Вспомнить всё - Филип Киндред Дик
– Что ж, я поживу с тобой, – сказала первая девушка, азиатка с бесстрастным взглядом. – На правах нейтральной, так сказать, спутницы, наездами, пока жива я и жив ты… то есть, вполне возможно, не до конца времен. Жизнь преходяща и зачастую не стоит того, чтобы ради нее из кожи вон лезть. Порой мне думается, что мертвым вообще лучше, чем нам. Может статься, я присоединюсь к ним еще сегодня, а не сегодня, так завтра. Может статься, я убью, отправлю к ним тебя… или с собой тебя возьму, хочешь? Тогда дорожные расходы возьмешь на себя – ну, если, конечно, хочешь попутешествовать в моем обществе. Ну, а не хочешь, отправлюсь одна, бесплатно, военным транспортным семьсот седьмым: у меня ведь постоянная, пожизненная правительственная льгота плюс пенсион, поступающий на секретный банковский счет для полулегального вложения в… в предприятие из тех, что не любят огласки, а с какой целью, тебе, черт возьми, лучше не интересоваться. Ну? Что скажешь?
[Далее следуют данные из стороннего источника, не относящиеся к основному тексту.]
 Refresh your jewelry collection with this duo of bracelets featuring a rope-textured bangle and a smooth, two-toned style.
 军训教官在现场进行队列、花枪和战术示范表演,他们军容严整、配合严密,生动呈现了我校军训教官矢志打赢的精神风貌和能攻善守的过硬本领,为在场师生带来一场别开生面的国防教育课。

Умолкнув, она замерла, не сводя с него пристального, по-прежнему бесстрастного взгляда.
– А… а вопрос-то в чем заключался? – пролепетал Шоколадерри, совершенно сбитый с толку ее монологом.
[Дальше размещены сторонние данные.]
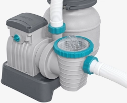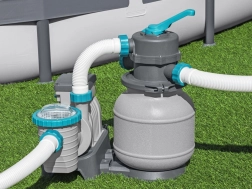 The pump with capacity of 6056 l/hour helps quickly remove impurities from your pool. A filtration medium is necessary - either quartz sand (0.45-0.85 mm) or efficient filtering balls POLYSPHERE.

– Я, – в ярости, раздраженная его недомыслием, зарычала она, – поживу с тобой некоторое, точно пока неизвестное время, с точно пока неизвестным конечным результатом, если ты в состоянии оплатить мое содержание, а особенно – и этот пункт обязателен – возьмешь на себя содержание в порядке дома: ну, сам знаешь, счета, уборка, готовка, поездки по магазинам, чтобы я этим не утруждалась. Чтобы смогла спокойно заняться своими делами. Делами исключительной важности.
– О'кей, – без промедления подтвердил Шоколадерри.
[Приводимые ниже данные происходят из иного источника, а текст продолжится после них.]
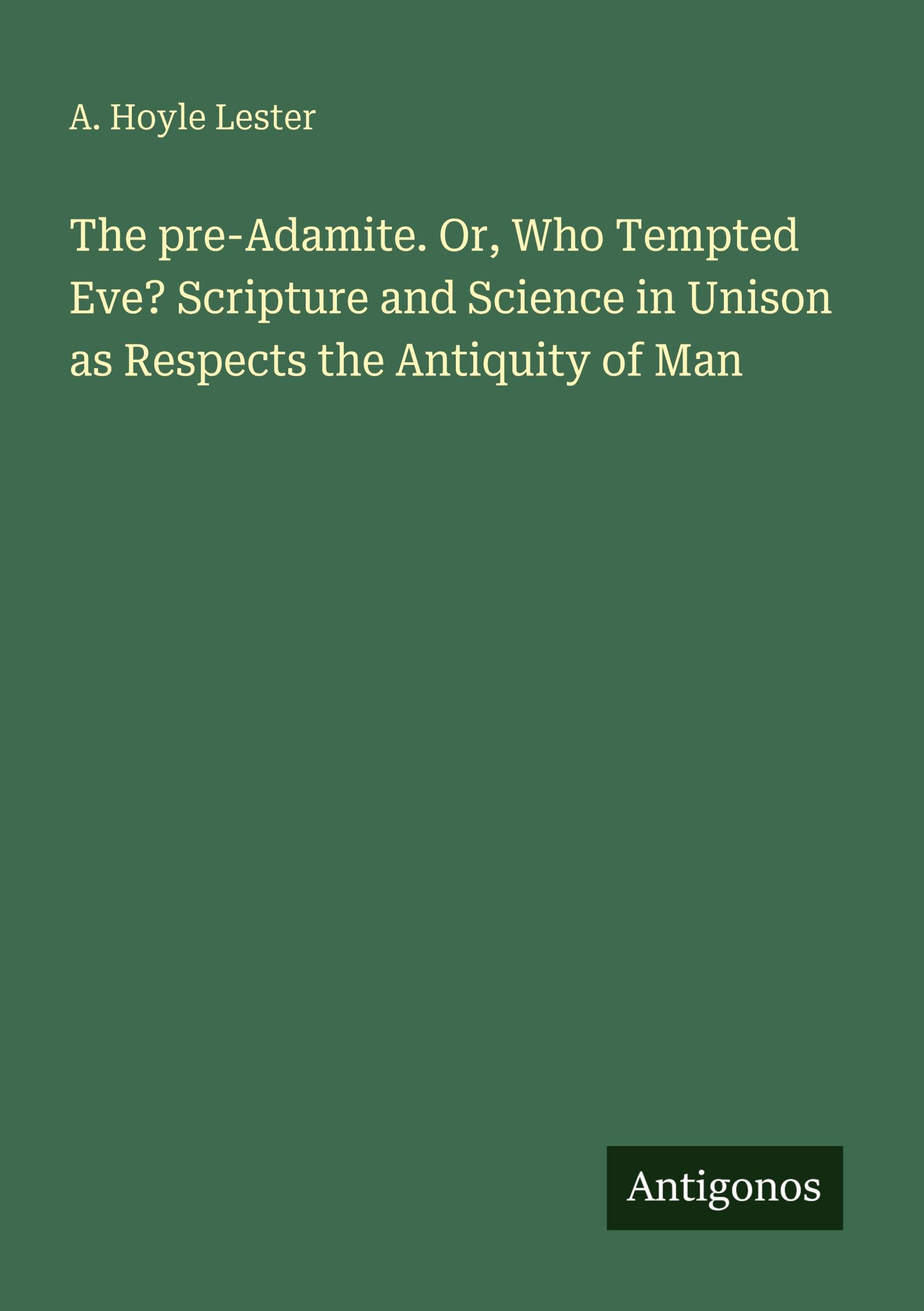A. Hoyle Lester: The pre-Adamite. Or, Who Tempted Eve? Scripture and Science in Unison as Respects the Antiquity..., Kartoniert / Broschiert

– А я с тобой жить не буду, – сказала девушка с печалью в глазах, откинув со лба нежную, дымчатую челку. Пухленькая, податливая, в ладно сидящей кожаной куртке, отделанной бахромой, в коричневых кожаных штанах со шнуровкой и высоких ботинках, с сумочкой из кроличьих шкурок на локте, выглядела она потрясающе. – Буду заезжать время от времени, с утра, по пути на работу, поглядеть, не найдется ли у тебя лишнего косячка, а если нет, если ты на мели, сама тебя подогрею… только не сегодня, о'кей?
С этим она улыбнулась ослепительней прежнего, а в проницательных, умных глазах ее отразилась вся несказанная сложность ее натуры, ее любви.
– Конечно, – согласился Шоколадерри.
Ясное дело, ему хотелось гораздо большего, однако он понимал: это все, ведь она не принадлежит ему, существует не ради него – сама по себе, как порождение, одно из полноправных слагаемых окружающего мира.
– Насильник, – процедила третья из девушек, кривя чересчур алые, чересчур сочные губы в злобной, но в то же время веселой усмешке. – Нет, я никогда не оставлю тебя, мерзкого, грязного старикашку! Уйду – где ты, старый черт, найдешь еще дуру, согласную жить с педофилом, растлителем малолетних, который со дня на день помрет от коронарного тромбоза или обширного инфаркта? С моим уходом для тебя, старого пакостника, все и кончится.
Внезапно глаза ее влажно блеснули, исполнившись скорби, сочувствия, но в следующий же миг и скорбь и сочувствие исчезли как не бывало.
– Другой радости в жизни тебе не видать, – продолжала девчонка, – а стало быть, никуда мне не деться. Придется остаться с тобой, а свою жизнь отложить до лучших времен… пусть даже навсегда.
Постепенно все ее оживление сошло на нет; сверх меры ярко, крикливо раскрашенное, но все-таки привлекательное девичье личико застыло, помрачнело как туча.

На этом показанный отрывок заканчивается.